There is an array of legislation which should serve to protect our children from sexual abuse: the Sexual Offences Act, the Child Care and Protection Act, the Trafficking in Persons Act, the Child Pornography (Prevention) Act, among others. Jamaica also has a number of government organizations and systems to protect children against all forms of abuse, including the Office of the Children’s Registry, the Office of the Children’s Advocate, the Child Development Agency and the Ananda Alert.
To this end the NUH GUH DEH - Diaspora here in the USA will align its key outcomes to those of NUH GUH DEH - Jamaica, which includes bringing awareness and urging a zero tolerance approach to the abuse of children by:
1. Increasing awareness about the long term physical, emotional, health, financial and social consequences of sexual abuse of young girls and boys
2. Mobilizing Jamaicans to report acts of sexual violence against children
3. Encouraging Jamaicans to use the phrase “Nuh Guh Deh!” to challenge current behaviors of men who sexually exploit children.
4. Supporting the efforts of EVE and other similar agencies in Jamaica, and assisting local initiatives to empower young people and foster positive development.
5. Helping to fund-raise so we can realize the key objectives outlined.
About EVE for Life (EVE)
EVE is a non-governmental organization in Jamaica, founded to support women and children infected and affected by HIV, but now additionally are undertaking the task of combating Child Abuse. Women and children are increasingly seeking psychosocial support and skills to help them to live normal lives. Eve for Life seeks to fill that gap.
They were registered in February 2009 as a non- governmental organization (NGO) with charitable status.Their ‘Mission’ is to contribute to the Jamaica HIV response through innovative interventions that will prevent new infections and improve the quality of life of women and children living with or affected by HIV.
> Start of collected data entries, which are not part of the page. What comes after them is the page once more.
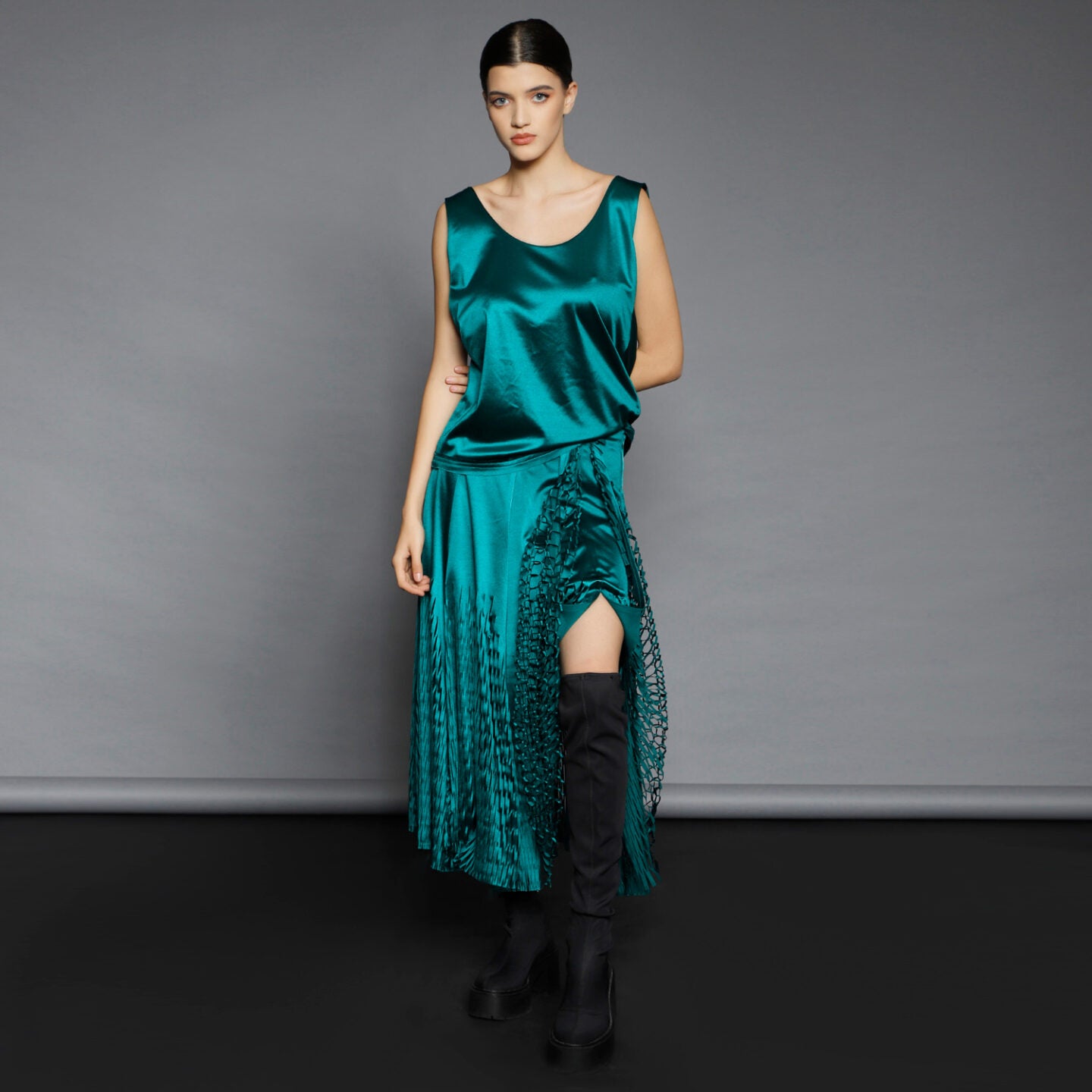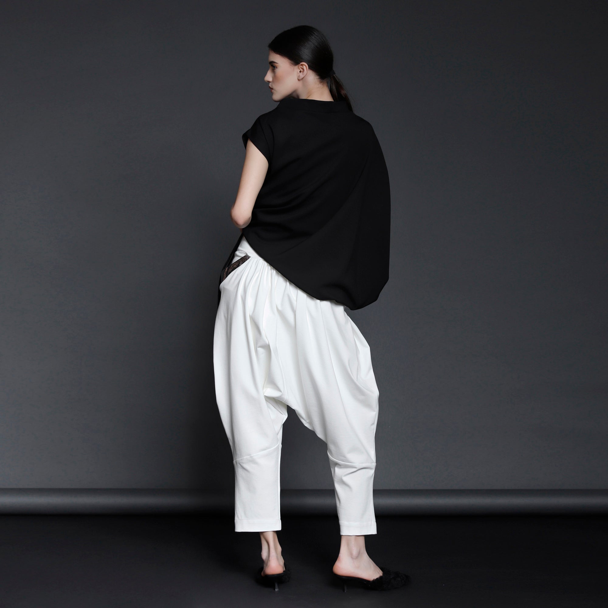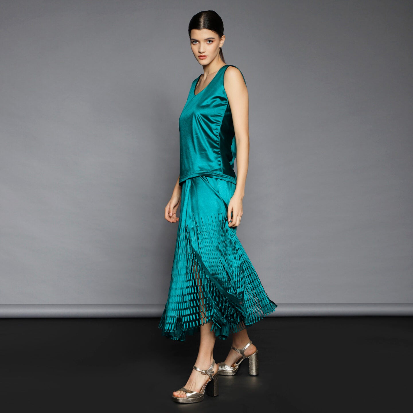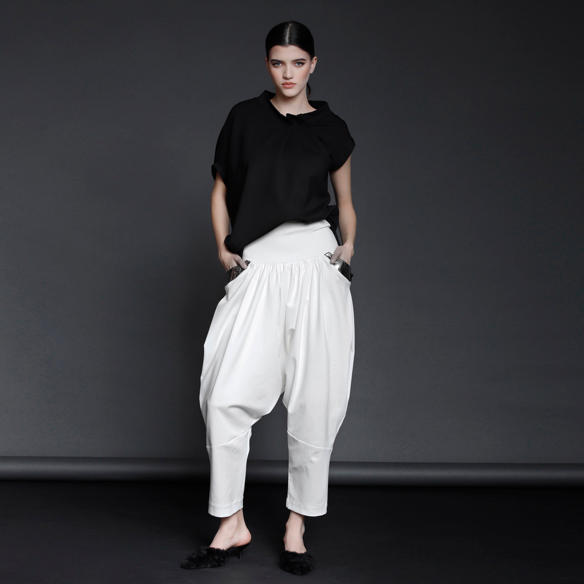 No stock is kept and no fabric is wasted. A highly skilled team ensures exceptional quality and fit. Designs from Iconic pieces or previous collections can be made to order with custom fabric options from the current selection.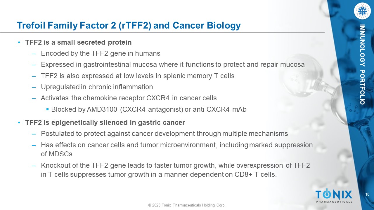 © 2023 Tonix Pharmaceuticals Holding Corp. © 2023 Tonix Pharmaceuticals Holding Corp. TNX - 1700 (hTFF2 - HSA) fusion protein) Tumor Microenvironment, MDSCs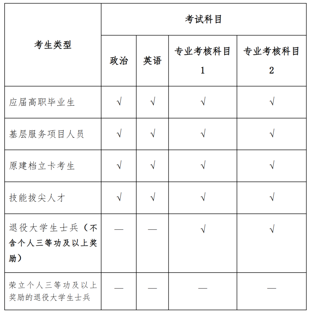 按照《河北省教育厅关于优化调整河北省普通专升本考试科类及科目设置的通知》(冀教学〔2023〕19 号)要求,普通专升本考试科目设公共文化考试和专业综合(职业适应性)考核(简称“专业综合考核”,下同)两部分,总分500分。公共文化考试包含政治、英语2个科目,每科目满分100分。专业综合考核包含专业考核科目1和专业考核科目2(详见上述通知附件2),每科目满分150分。各类考生具体考试科目如下(‘√’表示需要参加考试,‘—’表示免试):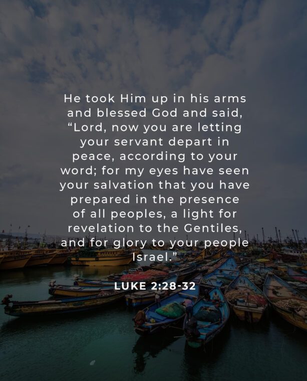 The prophet Simeon looked forward to the fulfillment of the prophecy of the coming of the Messiah. The Lord had revealed to him that he would see Him. In the text, we see the faithful fulfillment of what the Lord said to Simeon and to all peoples and nations throughout the Old Testament. None of the promises of the Lord go unfulfilled — He is faithful! Imagine yourself now, in Simeon’s place, with baby Jesus in your arms. How much joy! How much fun! We do not have Him in our arms, but we have Him in our hearts. Jesus is near and available — just believe. Believing in a God who never fails is not difficult. I pray He is born in your heart this year, if He is not already.

EVE for Life works with different national and international non-governmental organizations, civil society, governmental agencies and multilateral agencies
http://www.eveforlife.org/
About JIFFD
The Jamaica International Female Football Development, Inc. (JIFFD) is a 501c3 NPO and a US Federal Government SAM Vendor. JIFFD is dedicated to serve as a facilitator and conduit, for the holistic development of young females, in Jamaica and the international communities that impact same. The extended concept is to aggressively engage domestic and international stakeholders, to foster increased and consistent awareness of the systemic problems impeding such development, primarily in socio-economically challenging communities.
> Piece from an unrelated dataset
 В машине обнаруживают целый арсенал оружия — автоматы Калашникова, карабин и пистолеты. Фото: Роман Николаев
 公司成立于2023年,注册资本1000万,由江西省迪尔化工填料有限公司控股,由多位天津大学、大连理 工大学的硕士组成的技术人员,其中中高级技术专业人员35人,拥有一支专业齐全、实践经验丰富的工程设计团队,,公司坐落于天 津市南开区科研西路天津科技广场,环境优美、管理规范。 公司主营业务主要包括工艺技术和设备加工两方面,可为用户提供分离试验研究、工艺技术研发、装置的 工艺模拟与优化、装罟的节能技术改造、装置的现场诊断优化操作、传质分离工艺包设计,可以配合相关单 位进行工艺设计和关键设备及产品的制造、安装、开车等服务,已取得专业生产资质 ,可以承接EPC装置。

Their ‘Vision’ is to provide aggressive outreach, strategic collaboration amongst municipal, business and NGO stakeholders, and international partnerships, creating a holistic female development framework and program for girls ages 6 through 24, encompassing football training; educational support; health support; and social development. http://jiffd.org/
The Partnership
Both EVE and JIFFD under their purviews of interest and work with young girls in Jamaica, have now extended their portfolios to include: protecting children at large from the pervasive sexual abuse; and eroding the taboos associated with highlighting these offenses, which continue to be rife in our communities. Through the NUH GUH DEH Campaign we pledge to break these strongholds for the love of our girls and our boys.